The default frame definition (with ORDER BY) is from the start of the frame up to the last peer of the current row (including the current row and possibly more rows ranking equally according to ORDER BY). In the absence of ORDER BY (like in my answer you are referring to), or if ORDER BY treats every row in the partition as equal (like in your first example), all rows in the partition are peers, and max() produces the same result for every row in the partition, effectively considering all rows of the partition.
Per documentation:
The default framing option is RANGE UNBOUNDED PRECEDING, which is the
same as RANGE BETWEEN UNBOUNDED PRECEDING AND CURRENT ROW. With ORDER BY,
this sets the frame to be all rows from the partition start
up through the current row's last peer.
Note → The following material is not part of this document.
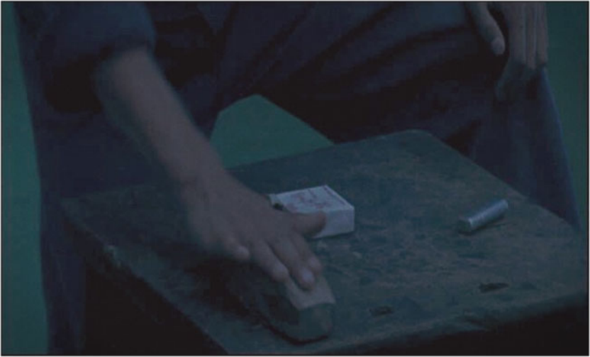
Figure 2. Luo's storytelling stage props

the novel. 32 In the novel, when Luo and Ma take the Petite Tailleuse to the screening of the North Korean film, the story of which she has already heard Luo and Ma recount, the Petite Tailleuse tells Ma: 'C'est beaucoup plus intéressant, quand c'est toi qui le racontes' ('It's so much better when it's you telling the story') (p. 104; p. 77), without suggesting any reason. However, this scene in the Chinese version of the

Without ORDER BY, all rows of the
partition are included in the window frame, since all rows become
peers of the current row.
Bold emphasis mine.
The simple solution would be to omit the ORDER BY in the window definition - just like I demonstrated in the example you are referring to.
All the gory details about frame specifications in the chapter Window Function Calls in the manual.